Auf der anderen Seite sei es aber – wegen Verstoßes gegen die Selbstbelastungsfreiheit – unzulässig, jemanden zur Herausgabe eines Passworts oder einer PIN zu zwingen. Das zugrunde gelegt, wäre das technische Knacken von Smartphons zulässig, die erzwungene Mitwirkung des Smartphone-Inhabers dagegen unzulässig.
"Wird mit Zwang der Finger auf das Smartphone aufgelegt, steht das letztlich 'zwischen' diesen beiden Vorgängen, weil einerseits der Beschuldigte zum Entsperren 'verwendet' wird, andererseits er jedoch nicht wirklich 'aktiv' mitwirken muss."
Für genau diesen Fall bräuchte es aus Rückerts Sicht eine Eingriffsgrundlage in der StPO – aber an der fehlt es.
Wird die Koalition tätig?
Ob der Gesetzgeber in nächster Zeit tätig wird, ist ungewiss. Im Koalitionsvertrag finden sich außer einem vagen Hinweis darauf, dass die StPO modernisiert werden soll, keine konkreten Pläne für neue Befugnisnormen.
Aber auch die technische Seite erschwert den Ermittlern die Arbeit. Apple hatte zuletzt in seine Modelle etwa eine eigene "Anti-Polizei-Funktion" eingebaut. Wer schnell fünfmal hintereinander die Einschalttaste drückt, deaktiviert die Entsperrung durch den Fingerabdruck.
Und den Ermittlern kann schließlich auch zum Verhängnis werden, dass bei einigen Modellen nach Ablauf einer gewissen Zeit statt dem Fingerabdruck nur noch der Pin-Code hilft.

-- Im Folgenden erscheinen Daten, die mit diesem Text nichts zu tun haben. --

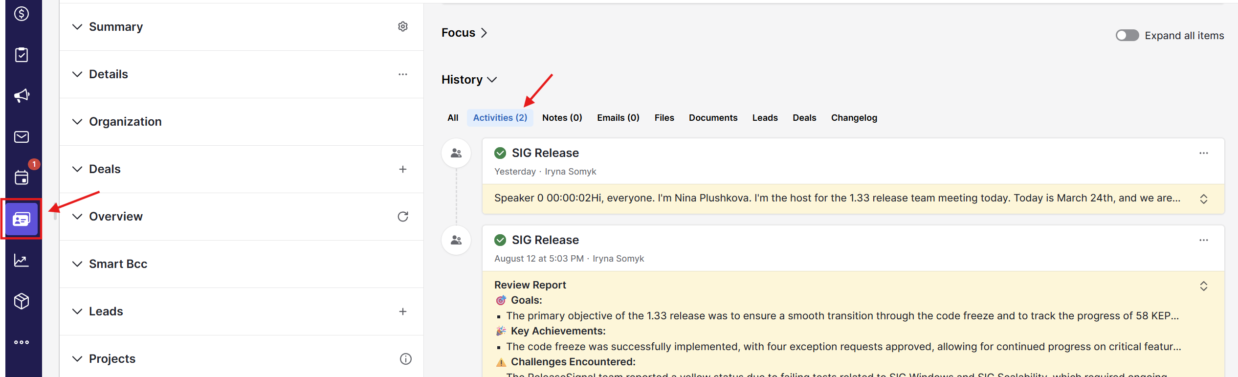 Meeting notes – are sent to the Activities, in the Contacts tab. A new activity is created once you push the data.

Auch im Fall des Angreifers auf dem Ohio State Campus kamen die Ermittler zu spät. Nach etwa sieben Stunden hatte sich das iPhone bereits in den Schlafmodus geschaltet und verlangte den Pin-Code. Der Zeigefinger des Toten führte in diesem Fall nicht ins Innere des Smartphones.